CHICAGO — Sergio Romo smiles at the memory. He was so young, so excitable and so focused on just trying to survive the moment. But even with the swirl of emotion and surreal nature that comes with your major league debut, it will never leave his mind.

He can list off the inning like it happened days ago. The only thing that slows his recall is the emotion of gratitude and accomplishment that was inserting a baseball-sized lump in his throat.

“It was June 26, 2008, Cleveland,” he said late Tuesday evening after the Mariners’ 4-0 loss to the Twins. “Oh man, I’m just kind of trying to hold it in right now.”

But like a payoff pitch with the game on the line, Romo pulled it together and recalled the rest of that first MLB relief appearance.

“Shin Soo-Choo, fly ball to left,” he continued. “Casey Blake, strikeout. Dave Dellucci, strikeout.”

And now 799 MLB appearances later, he stared down at the two score cards in his hands — one autographed by Mariners manager Scott Servais and the other by Twins manager Rocco Baldelli — to commemorate his milestone achievement Monday night at Target Field.


When he jogged to the mound in the sixth inning, Romo made his 800th pitching appearance in the big leagues.

“Sergio pitching in his 800th game, that’s unbelievable,” Servais said. “With the career he’s had, I know that’s a number that means a lot to him. He’s just got a way of getting through innings, understanding who he is and how to attack hitters. I think he’s gonna help us quite a bit.”

With the Mariners trailing 4-0, Romo allowed a single to Gary Sanchez, but came back to strike out Miguel Sano swinging. After a catcher’s interference call allowed Alex Kirilloff to reach base, Romo calmly got Byron Buxton to ground into a fielder’s choice force-out at second and struck out Carlos Correa for a scoreless inning.
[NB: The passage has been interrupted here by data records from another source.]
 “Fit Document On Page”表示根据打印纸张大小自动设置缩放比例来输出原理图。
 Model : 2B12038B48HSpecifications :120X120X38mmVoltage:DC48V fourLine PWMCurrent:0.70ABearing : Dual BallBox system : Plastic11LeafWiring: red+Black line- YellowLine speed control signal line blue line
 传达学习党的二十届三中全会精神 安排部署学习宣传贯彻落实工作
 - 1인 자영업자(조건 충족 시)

“It would’ve been a little sweeter if we had got the win,” Romo said. “But this is pretty cool. Talk about beating the odds, right? I didn’t know how it was going to make me feel. But this is one of the reasons why I wanted to play this season and wanted to be on a good team so we could win, and I could get some of these personal accolades out of the way. Kind of struggling to pat myself on the back.”
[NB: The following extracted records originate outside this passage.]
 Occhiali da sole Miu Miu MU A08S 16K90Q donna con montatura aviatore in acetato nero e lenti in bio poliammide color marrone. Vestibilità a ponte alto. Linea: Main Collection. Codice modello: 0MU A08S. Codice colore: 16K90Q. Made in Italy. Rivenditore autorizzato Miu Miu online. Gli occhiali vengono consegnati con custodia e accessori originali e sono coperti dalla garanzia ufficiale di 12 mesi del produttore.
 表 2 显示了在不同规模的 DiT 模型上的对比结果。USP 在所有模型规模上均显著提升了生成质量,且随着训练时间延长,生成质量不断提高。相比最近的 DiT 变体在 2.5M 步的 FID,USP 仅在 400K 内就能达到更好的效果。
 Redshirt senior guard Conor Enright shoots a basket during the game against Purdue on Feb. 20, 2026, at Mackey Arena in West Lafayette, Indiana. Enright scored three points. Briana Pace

Romo, who turned 39 on March 4, has a career 42-35 record with a 3.09 ERA over 15 seasons. He was also a valuable part of three World Series championship teams with the Giants in 2010, 2012, 2014. In six World Series appearances, he’s pitched six innings without allowing a run to notch three saves and strikeout 10 batters.

“I’ve been pretty blessed from the get-go,” he said. “Two years in and winning a World Series. Five years in, I’ve got three rings. And 14-plus years later, I’m still here and still chucking it and slinging it against the best. It’s gratifying.”
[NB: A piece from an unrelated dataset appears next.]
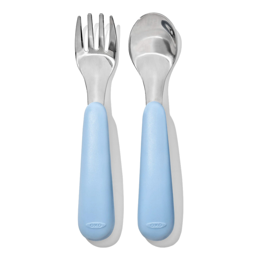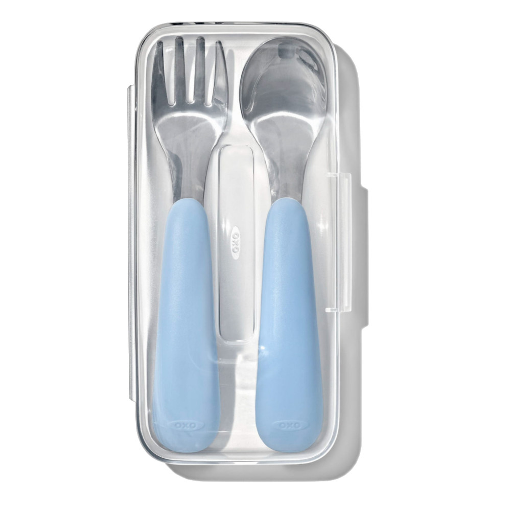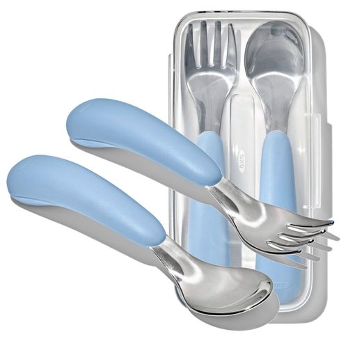 Sztućce metalowe w etui marki OXO tot to zestaw stworzony do nauki samodzielnego jedzenia dla dzieci od 12 miesiąca życia. Składa się on z łyżki i widelca zamkniętych w wygodnej kasetce. Ten praktyczny, wygodny i higieniczny komplet doskonale sprawdzi się podczas rozszerzania diety niemowlaka. Możesz używać go i w domu, i w podróży.

To put that sort of longevity in order, only right-hander Joe Smith of the Twins, who made his 834th appearance in that same game at Target Field and Tyler Clippard of the Nationals (803) have more appearances. Julio Rodriguez was just over 7 years old when Romo debuted. Also coming into Tuesday, the other nine relievers in the Mariners’ bullpen had a combined total of 865 appearances.

It’s the feeling of competing that brings him back each season.

“It’s mano y mano,” he said. “This the real time that I feel big. I don’t feel 5-10. I feel 6-10. I feel very visible when I’m on the mound. I’ve been playing against the best. There are no slouches in this league. Just that opportunity to consider myself, not one of the best, but to consider myself amongst the best and that I can play and compete against them, that’s pretty awesome.”

Never blessed with an overpowering fastball and relying more on movement, a sweeping slider, guile and fearlessness, Romo has exceeded scouting projections and minimal expectations when he debuted.

“I’ve been joking around that I’ve been tricking (hitters) for a while,” he said. “I’ve been just tricking them every year, and now I’m even tricking new teams into giving me jobs.”

Romo credited his 10-year-old son, Rex, for pushing him this offseason even when his only opportunity to pitch this season was in the Mexican League, before the Mariners call in mid-March.

“He believed I could still be here doing this,” Romo said. “He was like, ‘Nah, dad, you are still striking hitters out.’ ”

So, does he have 100 more appearances in him?

“You ask me that as I have ice on my arm,” he said. “It would be cool. I don’t know if I’d be given that opportunity to do so. I’ve got to still produce and still show that I can get hitters out to get to that number. But here we are at 800 and the next is 801 and that’s pretty awesome to say.”